◆ PROBLEM REQUIREMENTS:
Locate the line that contains "hysterectomy the coming" in the data that follows. Copy it and every subsequent line to the end, exactly, excluding pictures.

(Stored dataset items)

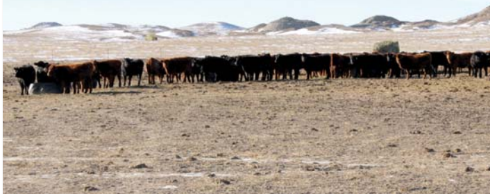
2014 Brenner Angus
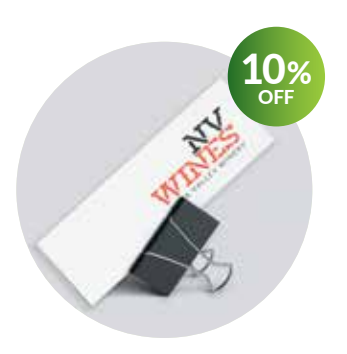
LUXURY NANO CARDS
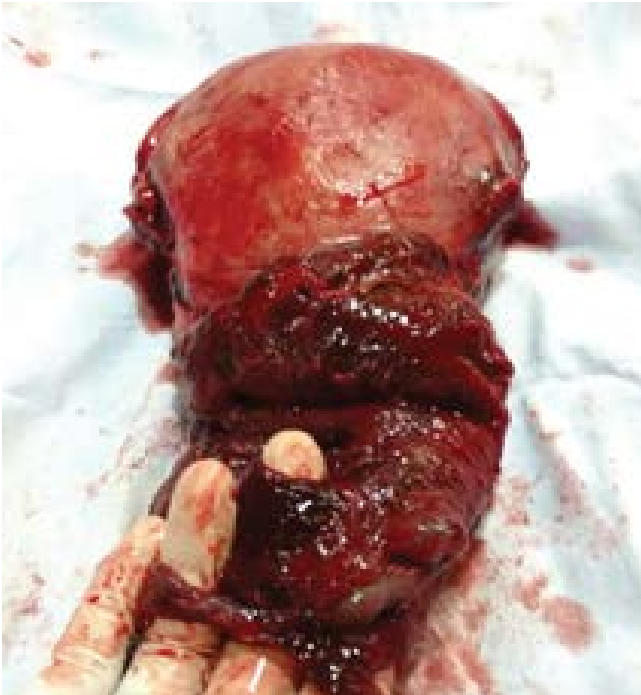
Figure 5: Anterior and posterior rupture of uterus.

hysterectomy the coming week but in view of severe bleeding she underwent emergency hysterectomy (Figure 6).
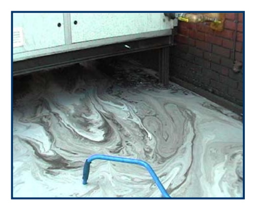
After the initial clean, the FleetKleen was left for and additional 15 minutes to unblock the oily drains

◆ TASK RESPONSE:
hysterectomy the coming week but in view of severe bleeding she underwent emergency hysterectomy (Figure 6).
After the initial clean, the FleetKleen was left for and additional 15 minutes to unblock the oily drains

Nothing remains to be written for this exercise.